[Start of section]
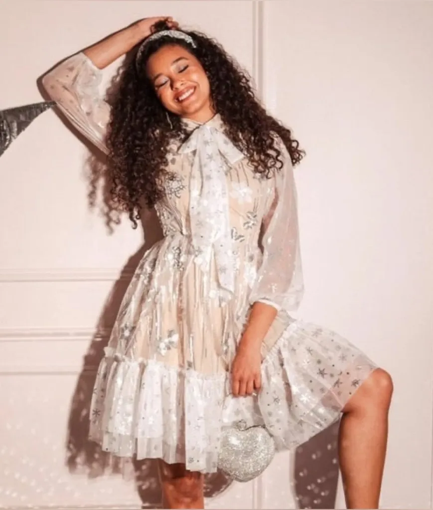 Charming sheer dress adorned with star patterns and a bow. Ideal for special events. Brand new with tags Size S Get your sparkle back with our Ellis Dress in Silver Sequin. The knee-length design and long slight puff sleeves add a touch of elegance to this stunning occasion dress. Featuring a beautiful bow at the neck and statement-making sequin snowflakes throughout. The perfect party dress!
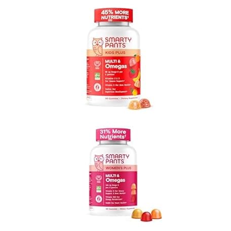 Thông tin sản phẩm SmartyPants Family Daily Nutrition Bundle: Kids + Women’s Multivitamin Gummies with Omega-3, Vitamins D3, B12, A & Zinc – Gluten Free, Non-GMO, Clean Label Certified, 60 & 90 Count (Pack of 2)
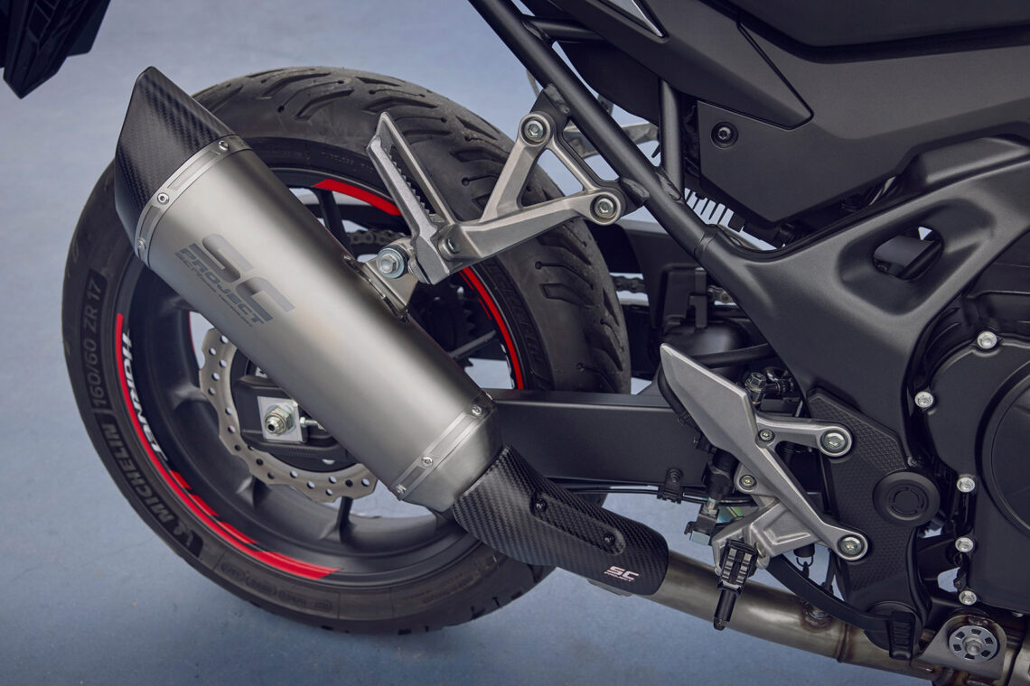 El nuevo sistema de instrumentación, una pantalla TFT de cinco pulgadas, es compatible con el sistema de conectividad Honda RoadSync, que permite acceso a navegación, llamadas y música, todo manejable mediante un conmutador de cuatro direcciones, situado en el lado izquierdo del manillar. Los intermitentes traseros con función de Señal de Parada de Emergencia (ESS) y cancelación automática añaden un nivel de seguridad adicional.
[End of section]
> Task to complete
From the line containing "Thông tin sản" down to the final line of the material, restate every line word for word, and only those; drop the pictures.

> Result for this exercise
 Thông tin sản phẩm SmartyPants Family Daily Nutrition Bundle: Kids + Women’s Multivitamin Gummies with Omega-3, Vitamins D3, B12, A & Zinc – Gluten Free, Non-GMO, Clean Label Certified, 60 & 90 Count (Pack of 2)
 El nuevo sistema de instrumentación, una pantalla TFT de cinco pulgadas, es compatible con el sistema de conectividad Honda RoadSync, que permite acceso a navegación, llamadas y música, todo manejable mediante un conmutador de cuatro direcciones, situado en el lado izquierdo del manillar. Los intermitentes traseros con función de Señal de Parada de Emergencia (ESS) y cancelación automática añaden un nivel de seguridad adicional.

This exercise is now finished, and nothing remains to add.